Pete knew it was time to start an awareness training program at MSD of Wayne Township, but first needed to secure buy-in from stakeholders. “Our test database was locked up about two years ago following a ransomware attack,” said Pete. “Thankfully, we were backed up, but it put some people out. I reminded our stakeholders the entire situation could have been avoided if users knew not to click malicious links.”
Security awareness training presented an opportunity for MSD of Wayne Township to make life easier, protect resources and keep everyone safe. “I asked the group if we wanted to keep everyone safe, and of course they said yes,” said Pete. “I then explained we were going to provide just-in-time awareness training for people who need it the most. Two months later, we started our first phishing campaign.”

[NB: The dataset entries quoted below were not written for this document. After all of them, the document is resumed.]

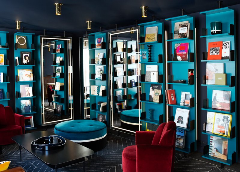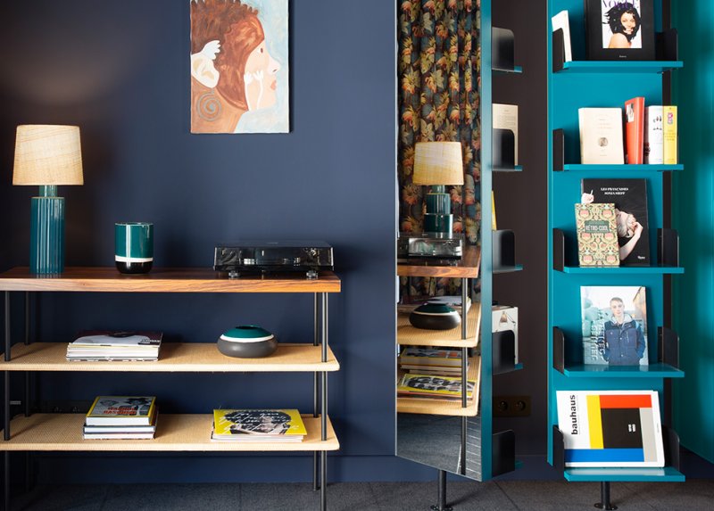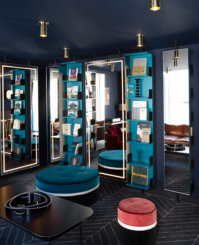 Благодаря ковру с геометричным рисунком паркетного шеврона и вращающимся зеркальным полкам, отражающим оттенки глубоких цветов, Сара Лавуан умело увеличивает пространство.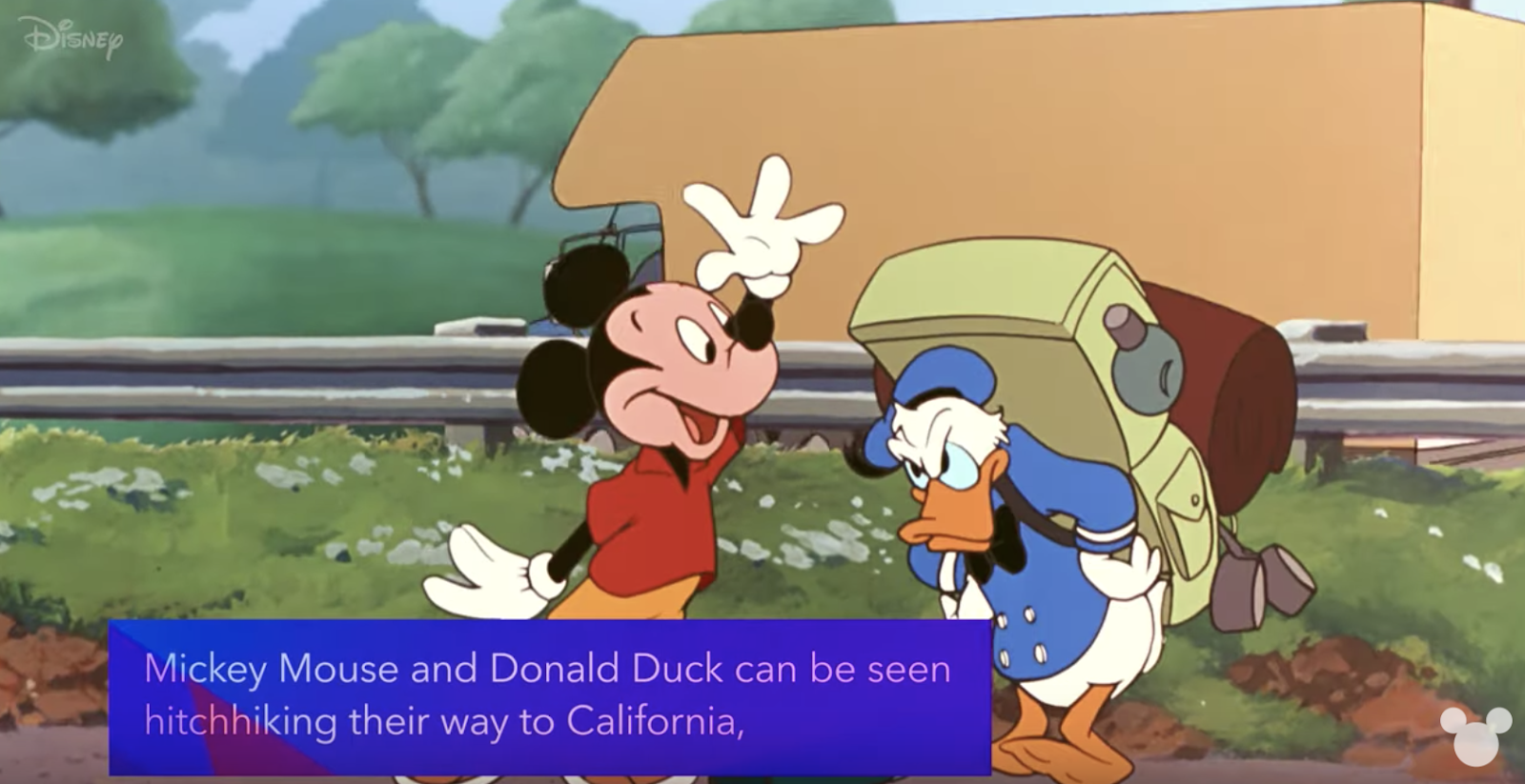 - Did you know, Mickey and Donald make a cameo in the movie? They can be seen hitchhiking their way to California!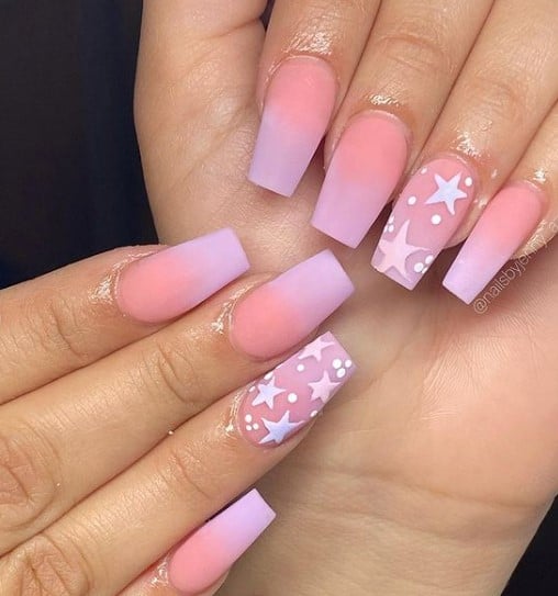 Here are some hot and fashionable design themes that are currently making waves in the world of nail art. These can instantly add charm to your pink ombré nails.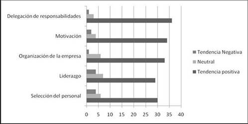 Sobre la organización de la empresa, (tendencia predominante positiva), los estudiantes se encuentran en disposición de cooperar en los procesos y sistemas organizacionales, además de organizar los procesos de trabajo. Martínez y Carmona (2009) señalan que ello les permite planificar y coordinar a un conjunto de personas de forma eficaz, para realizar acciones sistemáticas en pro de los objetivos deseados y minimizando los costos.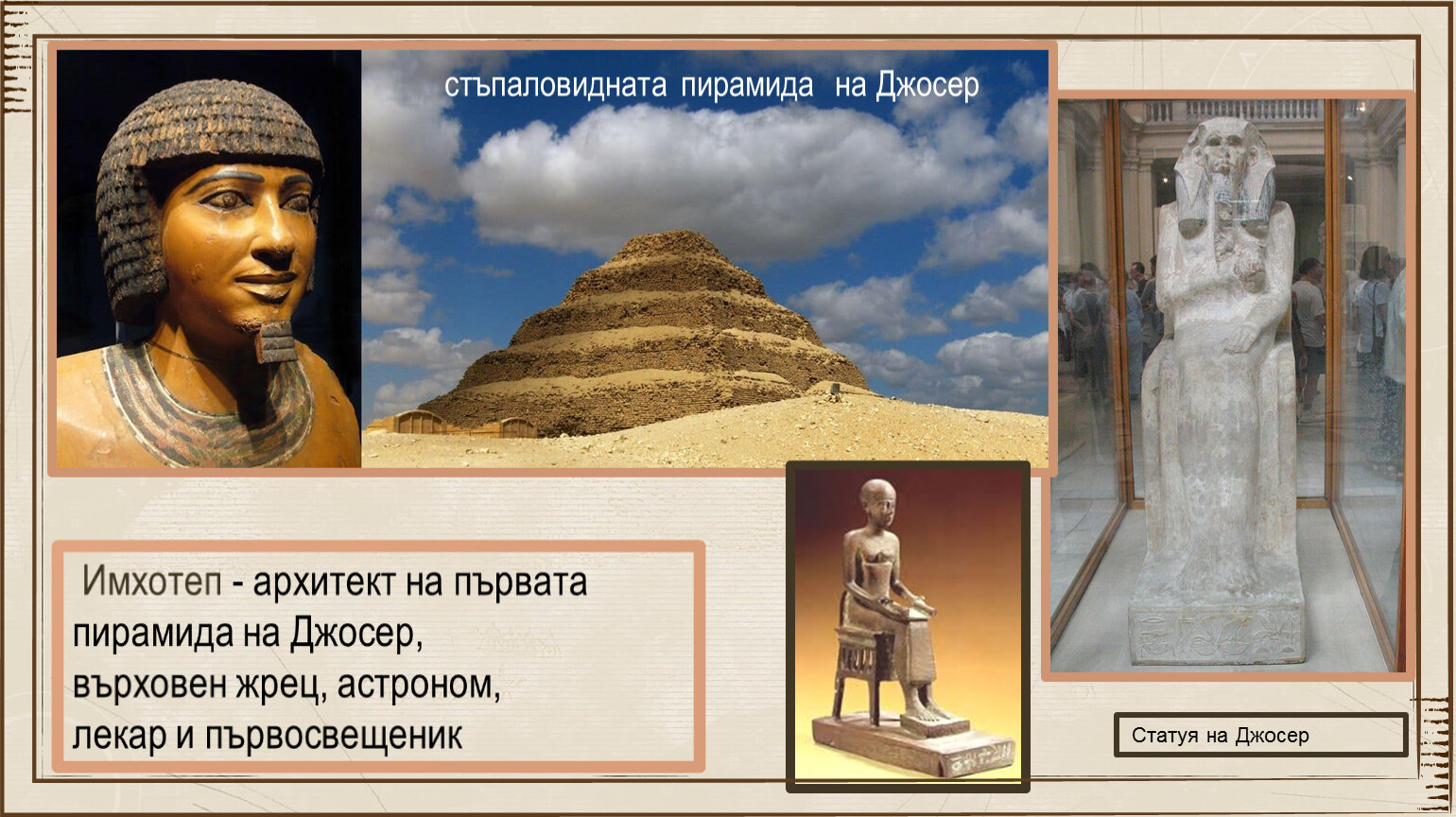 Имхотеп - архитект на първата пирамида на Джосер, върховен жрец, астроном, лекар и първосвещеник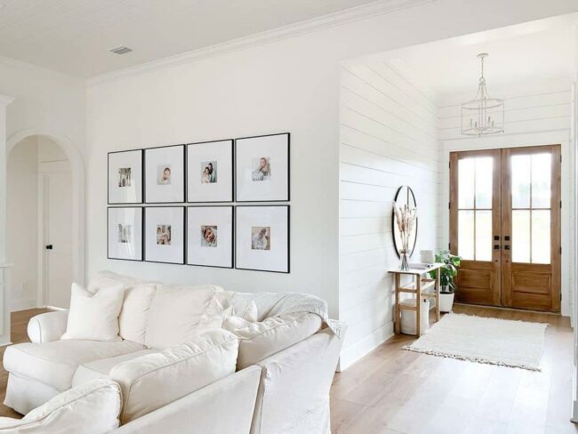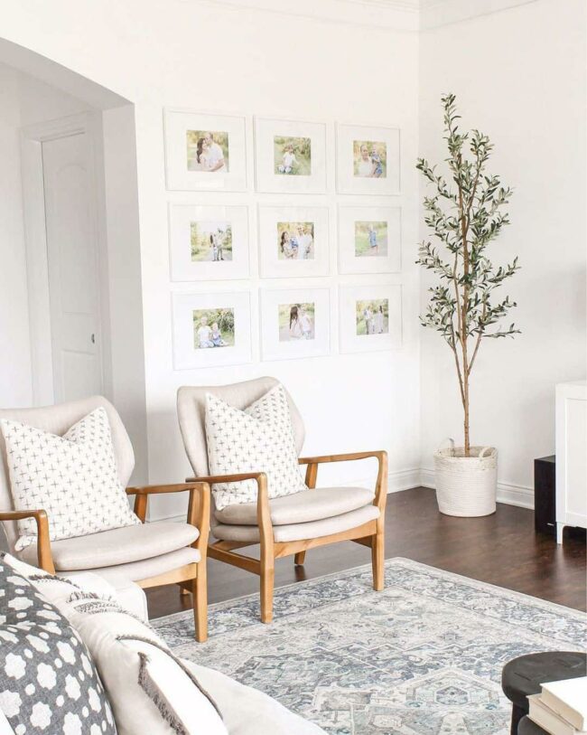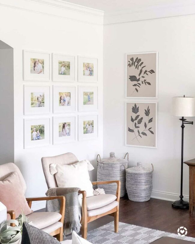 Family memories capture attention in this white-walled living room through nine carefully arranged color photographs.

Pete attributes much of his success to the way he approached stakeholders and explained awareness training benefits. “The way I approached the group helped them understand what we wanted to do was a positive thing,” said Pete. “It starts with how you announce your program. It can’t be about ‘gotcha’ moments and negative feedback. If you start that way, you’re probably going to have all kinds of problems. I explained it’s a learning opportunity and a way to avoid future attacks.”
Creating a culture of security at Metropolitan School District of Wayne Township
With 2,500 employees, Pete knew making changes at the cultural level was going to be a challenge. Pete and his team looked to a group of key school leaders and stakeholders for help introducing the new program. “We have group of about 40 teachers and 10 tech assistants who serve as technology leaders in the district,” said Pete. “We told them we were getting ready to start this program and showed them what to expect. We combined the new software with a train-the-trainer model.”
Called the iTEC team, this group helps field questions from staff about phishing simulations and awareness training. If negative feedback is received, it’s reported back to Pete’s team for further evaluation. “iTEC helps get staff on the same page,” said Pete. “We have 1,200 teachers — not all of them know who I am. I could send an email to everyone about the program, but this approach is more effective.”
Before security awareness training, teachers at MSD of Wayne Township didn’t understand why they were a hacker target. Educating them about phishing, social engineering and ransomware has helped the school district keep their data secure. “Our threatscape is constantly changing,” said Pete. “In the past 18 months, we’ve experienced an onslaught of sophisticated attacks. Hackers are targeting our users in very specific ways.”
In the years before training their staff with Infosec IQ, the district was hit with four ransomware attacks. There have been no ransomware attacks since deploying the Infosec IQ solution. “Infosec IQ was one of many changes we made to our security strategy,” said Pete. “Security takes a multilayered approach, and employee security education is an important layer.”